There is an interesting ad being paid for by a father who lost his daughter due a faulty highway guard rail. It is an appeal to Trump to include more safety upgrade projects in the infranstructure bill. Will only show in Palm Beach market where Trump will be to watch the game. Cost the dad $1K only since it is a local ad on just that station during the super bowl. Pretty clever.

Miss Marple the Deplorable

Gus! Gus!

The Hill‏Verified account @thehill

Trump Jr. refers to Dems as "left of commie": They forced themselves further and further left http://hill.cm/0SPYrPd

I love Don Jr. He gives zero XXXX's about what anyone thinks.

I happened to hear him say this last night on Jesse Waters' show and it made me laugh out loud. The FIRST person I thought about was Gus!

Another Bob

Was Nadler on the floor? He cannot be sued.

Is Page a public figure? He'll have to prove reckless disregard for the truth.

Nadler has zero to worry about.

Another Bob

JIB, OL, thanks. That note wasn't even a review of the trip.

I don't think we could have asked much more from that trip. Tauck isn't cheap, and Antarctica as a destination isn't cheap, but I think we got value for the money.

I'd recommend Antarctica to anyone, but you do have to be up for that kind of trip. It isn't your usual cruise.

It was damn complicated to pack for. Leaving winter in the US (in the 20s when we left) to go to summer in BA (high was 100 the day we left), to fall-like in Tierra del Fuego, and back to winter in the Antarctic (highs were low 30s), then reverse it, and it was -5 when we got home.


The Intelligence Committee responds to Nadler's pathetic response:


Anthony J. Chavez

Google says lying under oath to any legal entity deposing testimony under oath, including congress, is 5 years.

Frau Amerikanerin

Don't steal or--Gaia forbid!--buy this book. The looneys are loose.

"Woman After All: Sex, Evolution and the End of Male Supremacy" by Melvin Konner, M.D.

In characteristically humorous and engaging prose, Konner sheds light on our biologically different identities, while noting the poignant exceptions that challenge the male/female divide. We meet hunter-gatherers such as those in Botswana, whose culture gave women a prominent place, invented the working mother, and respected women’s voices around the fire. Recent human history has upset this balance, as a dense world of war fostered extreme male dominance. But our species has been recovering over the past two centuries, and an unstoppable move toward equality is afoot. It will not be the end of men, but it will be the end of male supremacy and a better, wiser world for women and men alike.

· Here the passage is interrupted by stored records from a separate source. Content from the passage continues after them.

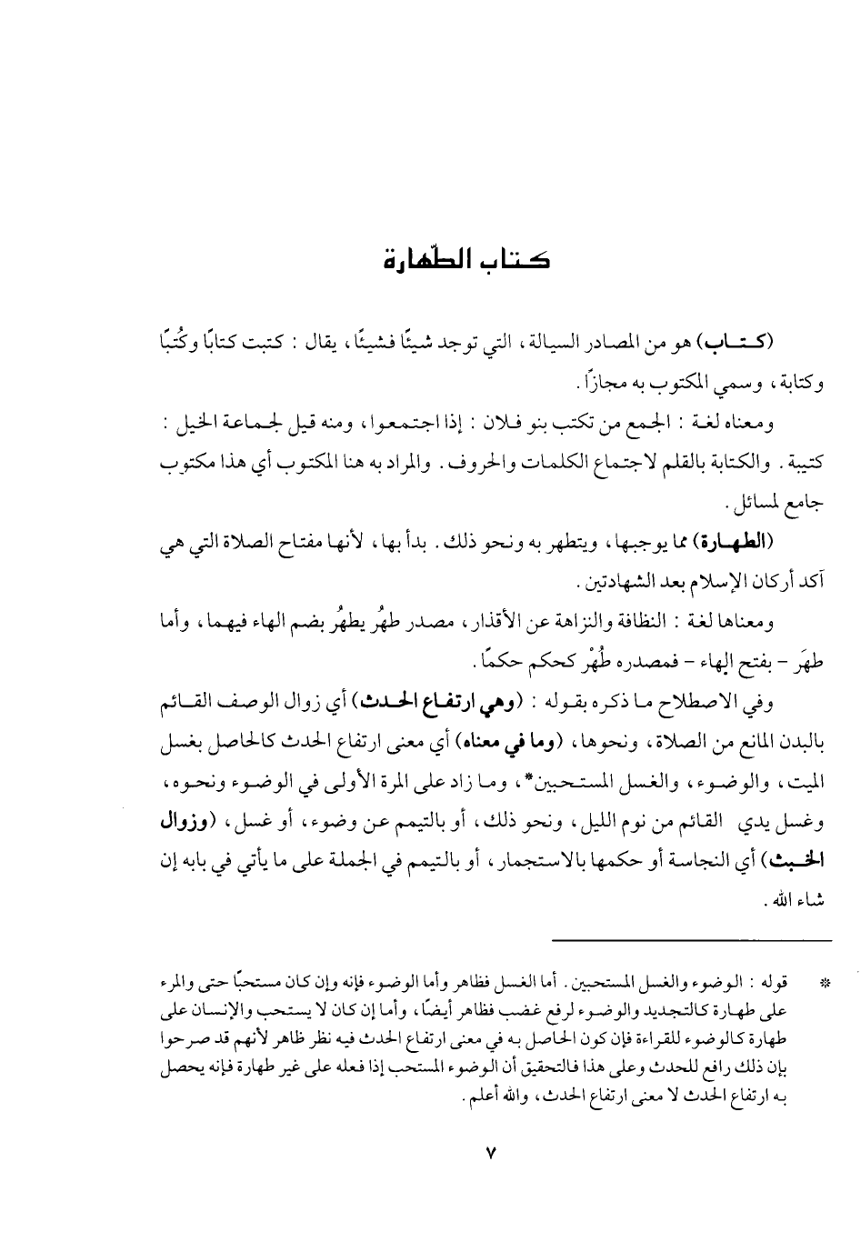 (كتاب) هو من المصادر السيالة أي التي توجد شيئا فشيئا، يقال: كتب كتابا وكتبا وكتابة، وسمي المكتوب به مجازا، ومعناه لغة: الجمع من تكتب بنو فلان: إذا اجتمعوا، ومنه قيل لجماعة الخيل: كتيبة. والكتابة بالقلم لاجتماع الكلمات والحروف. والمراد به هنا المكتوب أي هذا مكتوب جامع لمسائل (الطهارة) مما يوجبها ويتطهر به ونحو ذلك.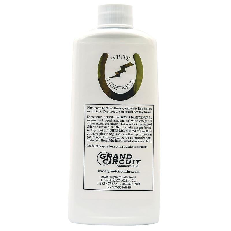 White Lightning Liquid eliminates thrush, hoof rot, and white line disease on contact without drying out or attacking tissue. Contains Chlorine Dioxide which is highly effective in neutralizing bacteria, fungus, and yeast. A revolutionary treatment for horses, donkeys, cattle, and pigs. Comes in your choice of 8 oz or 64 oz.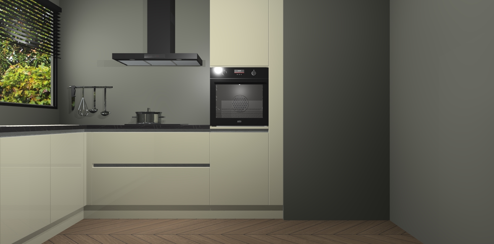 Met een modern, tijdloos design en ruime opslagruimte, zult u zich in no-time thuis voelen in uw nieuwe keuken. Uw leven wordt eenvoudiger met de soft-close deuren die voor het ultieme stille comfort zorgen - geen geluid dat u stoort terwijl u kookt. Ook is de keuken voorzien van 5 ingebouwde apparaten: een oven, inductie kookplaat, afzuigkap, vaatwasser en koelkast. Deze kunnen gemakkelijk na bestelling worden bijgewerkt naar AEG - waardoor uw luxe ervaring compleet is.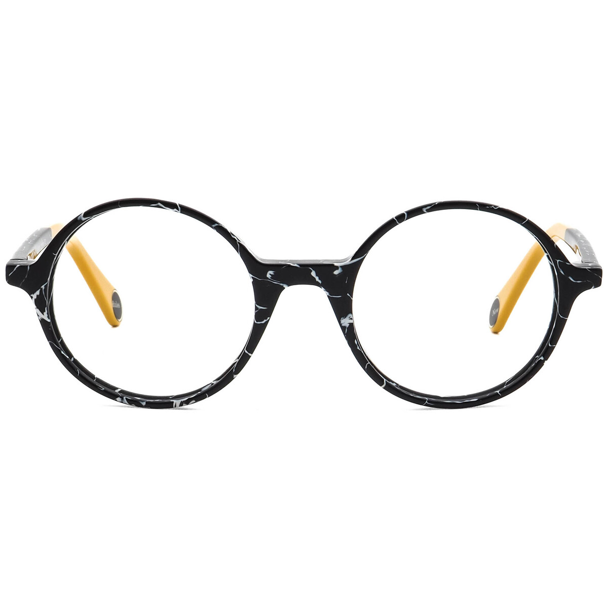 Woow Eyeglasses New Rules 1 Col 2150 Polished Black Marble Round Frame 46-21 145

Quick, Henry, the Flit Taser!



comment on above interview:

maiingankwe says:
February 4, 2018 at 2:41 pm
I’m going to take this in a different direction for now. Watching Mr. Kallstrom for me was heartbreaking. Here is a man, who to me seems honorable. He’s dedicated his life to protecting all of us Americans, retires after all of his years of hard work with the FBI, and now watches these top dogs destroy the very fabric of honor of the FBI in just a few short years. It looked to me that not only is he angry, but he’s hurt, really hurt, and I don’t blame him.

This makes me wonder how the rest of the FBI are feeling right now. We’re not hearing from the ones still working, and that is understandable, but imagine having to walk into the Hoover building day in and day out with this hanging over them. Low morale and frustration doesn’t even seem to cover it properly, and I’m sure they’ve never felt worse. And yet, every morning they wake up to start their day in using every tool they know and have to keep us all safe.

I would think they would have to bottle this up somehow and put it on a shelf until their day is done. They can’t let all of this intrude into what they have to do. Now that has got to be really hard to do no matter how professional one is.

So yes, my heart does go out to all of the good guys and gals who work so tirelessly for their country. It wouldn’t be a bad idea if we gave them a shout out in someway to let them know how thankful and appreciative we are of what they are doing and that we don’t blame them all for the criminal activities of a few among their ranks. I ask for them to hold strong and to know we are still standing with them.